Improving Time Complexity of "increment the number represented as an array of digits"

Question

Problem Given a non-negative number represented as an array of digits,

add 1 to the number ( increment the number represented by the digits ).

The digits are stored such that the most significant digit is at the head of the list.

Example:

If the vector has [1, 2, 3]

the returned vector should be [1, 2, 4]

as 123 + 1 = 124.

My Code

def plusOne(A):
    num = 0

    for digit in A:
        num = num*10 + digit

    retnum = num + 1

    retA = []

    while retnum > 0:
        retA.append(retnum % 10)
        retnum /= 10

    return retA[::-1]

Well, I am getting the correct answer by this. However, I am not satisfied by the code's time complexity. Suggestions for improving this code will be appreciated.

Answer 1

The complexity of your method is O(n) and you cannot do better in terms of big-o complexity in the worst case.
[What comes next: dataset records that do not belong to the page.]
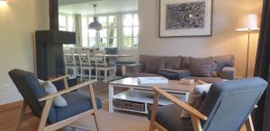 Featuring a private entrance, this holiday home also comprises 3 bedrooms, a seating area and 2 bathrooms with a shower and a hairdryer. Meals can be prepared in the well-fitted kitchen, which comes with a stovetop, a refrigerator, a dishwasher and kitchenware. Boasting a terrace, this holiday home also provides a washing machine, a coffee machine and a TV with cable channels. The unit offers 3 beds.
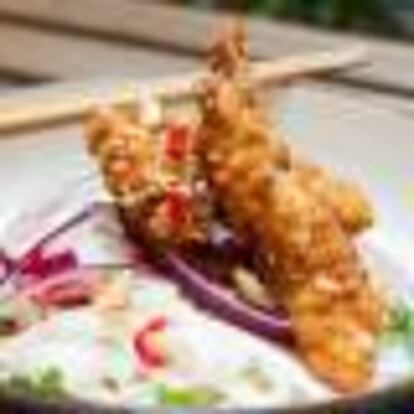 SOPA FRÍA DE COCO, LIMA Y POLLO CRUJIENTE
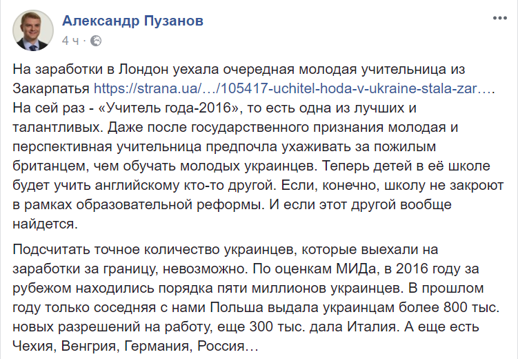 "Молодые и талантливые делают свой выбор не в пользу Украины. Они уезжают из страны, потому что хотят получать достойное вознаграждение за свой труд и чувствовать себя в безопасности. Развиваться, реализовывать себя и жить, а не бороться за существование", - написал Пузанов в Facebook.
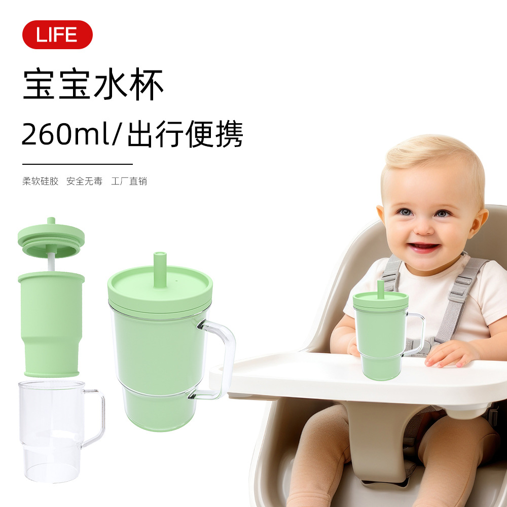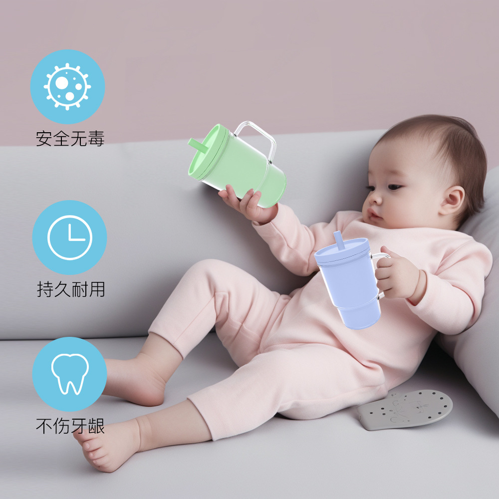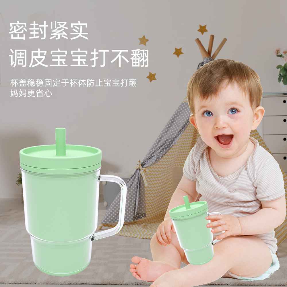 2025跨境新款儿童防漏马克杯Stanley 杯学饮杯硅胶防摔吸管水杯
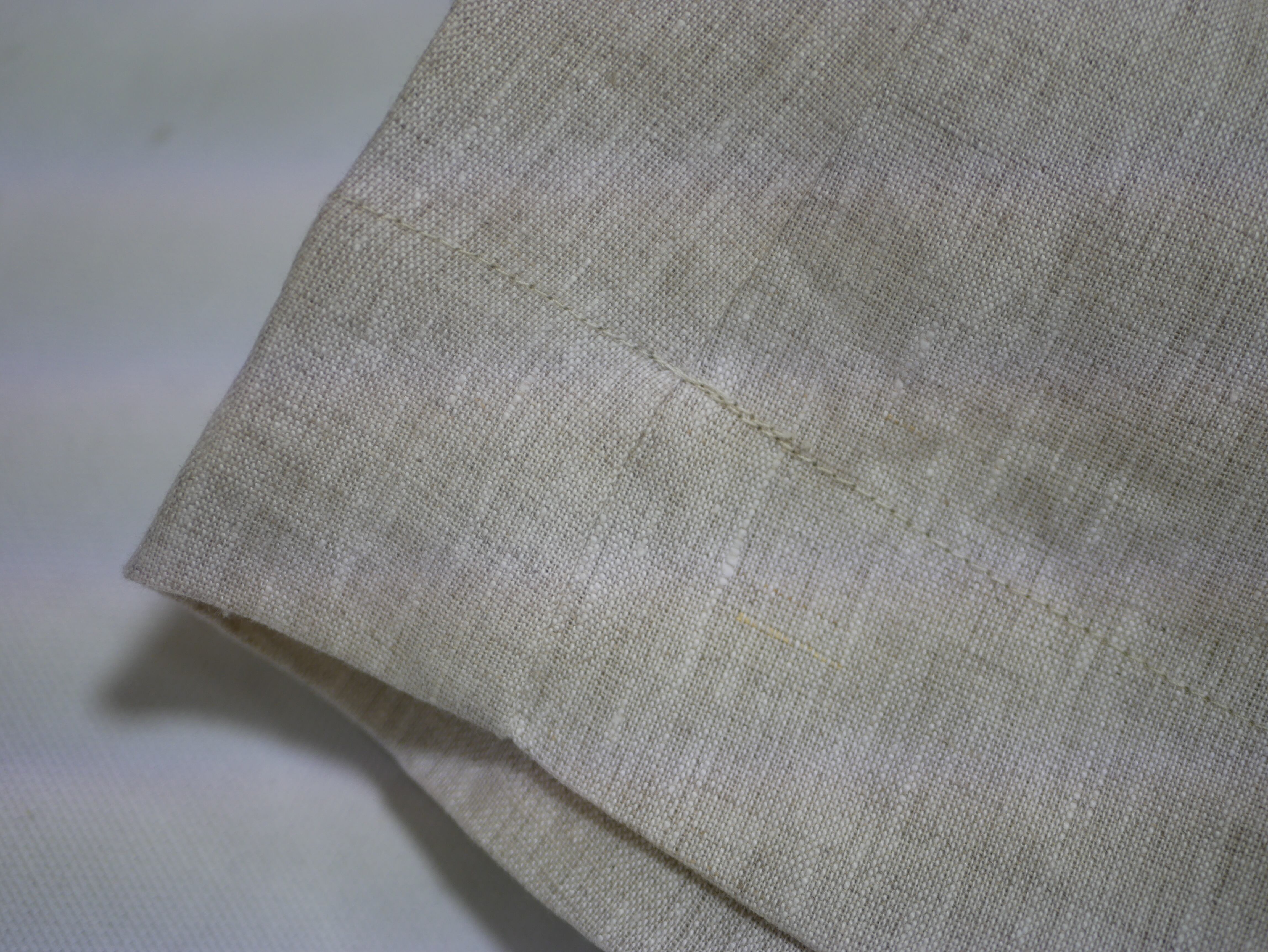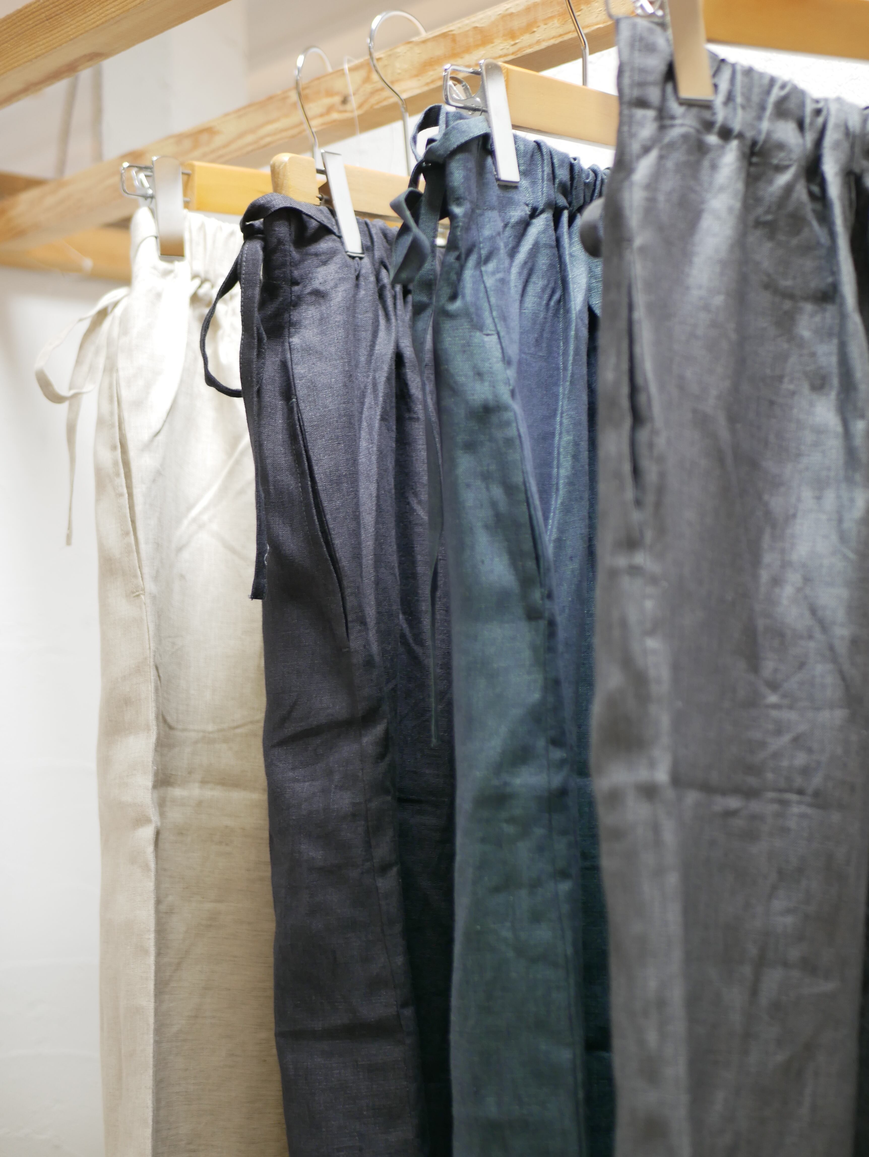 メランジリネン生地です。薄すぎないリネン。清涼感があり、メランジ調の色ムラが特徴です。ワイドパンツの前部分がラップ付になっていて、いつものパンツスタイルに少し変化がでますね。前から見ると、スカートにも見えてカジュアルになりすぎないです。両サイドポケット。後ろウェストはゴム。お腹周りは、ラップ布でスッキリ見えます。

Changing the big-o complexity is not the only thing that matters however. Big-o notation does not take into account multiplicative and additive constants, this does not mean that such constants do not affect the performance of your algorithm. In your code, for instance, you are performing 2 O(n) cycles. In the first loop you do some arithmetic operations while in the second one you use append which has amortized worst case O(1) but that (citing from the docs):

[...] rely on the "Amortized" part of "Amortized Worst Case". Individual actions may take surprisingly long, depending on the history of the container.
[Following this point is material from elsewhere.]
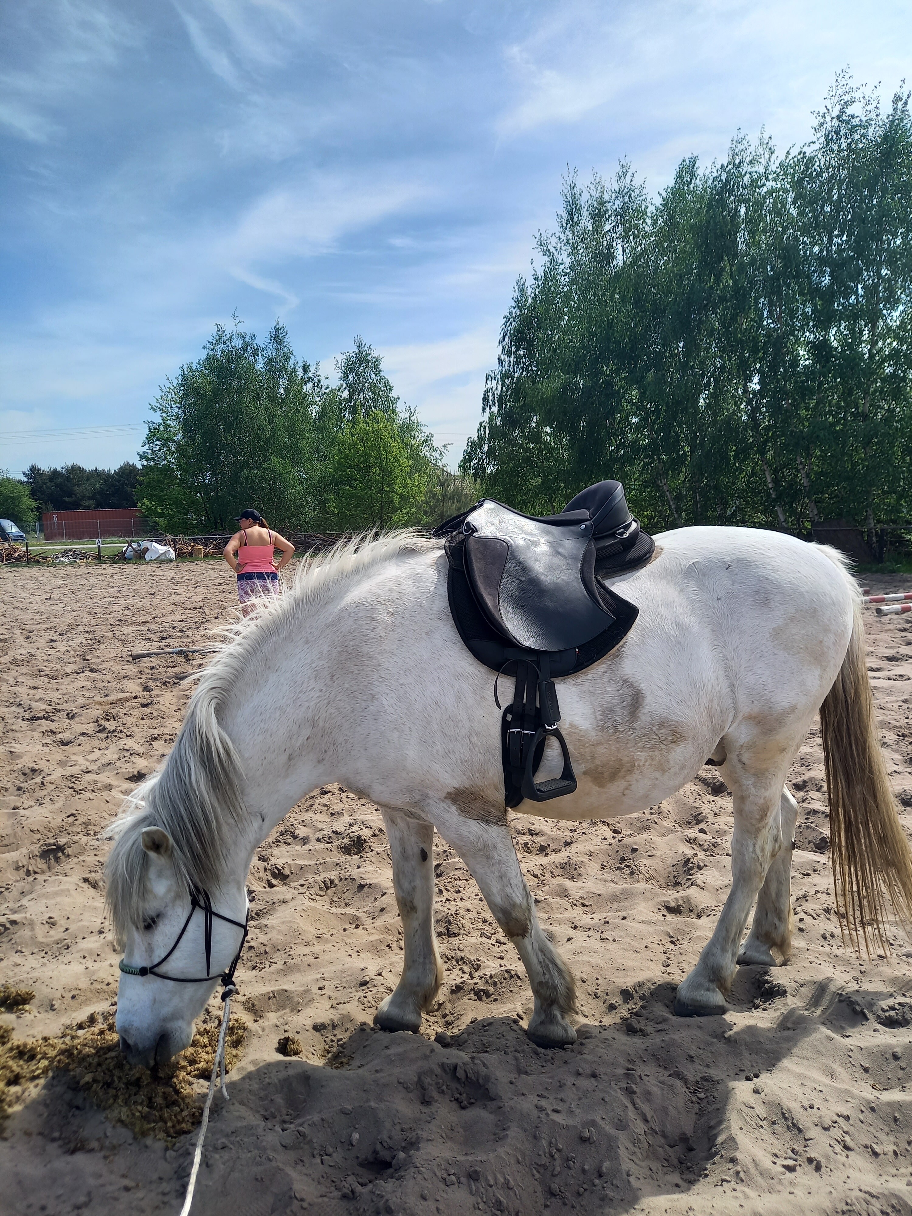 Mój je albo garść sieczki albo garść musli od mojego drugiego konia, pasza dla koni alergicznych i z ochwatem. Dostaje tylko dla smaku.
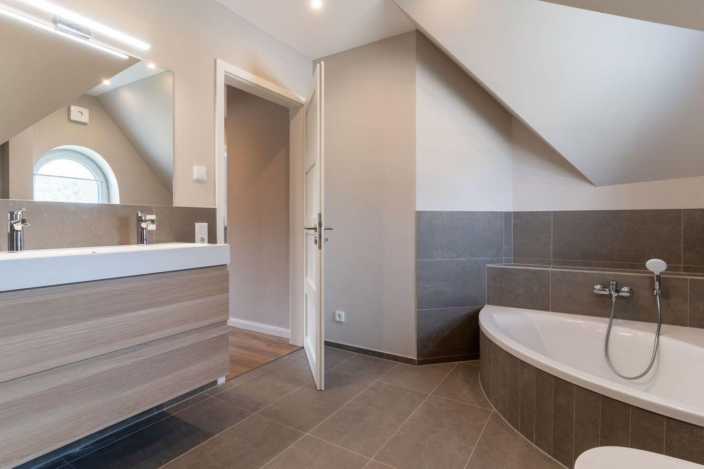 Ein zweites vollausgestattetes Badezimmer im OG, mit einer Dusche, einer Eckbadewanne und zwei einzelnen Waschbecken runden das hochwertige Hauskonzept ab und lassen keine Wünsche offen.

You could perform the same operations in place with (I think) smaller constants. For instance:

i = len(A) - 1

while i >= 0 and A[i]==9:
  A[i]=0
  i=i-1

if i >= 0:
  A[i] = A[i]+1
else:
  A.insert(0,1)

The first loop takes O(n) time in the worst case (all 9s). In the average case, however, the loop takes less than O(n). When we exit the loop in the worst case we need to insert an element at the beginning of the list which has non-amortized O(n) complexity.

In the average case this approach should be faster, but it does not change the worst case O(n) complexity.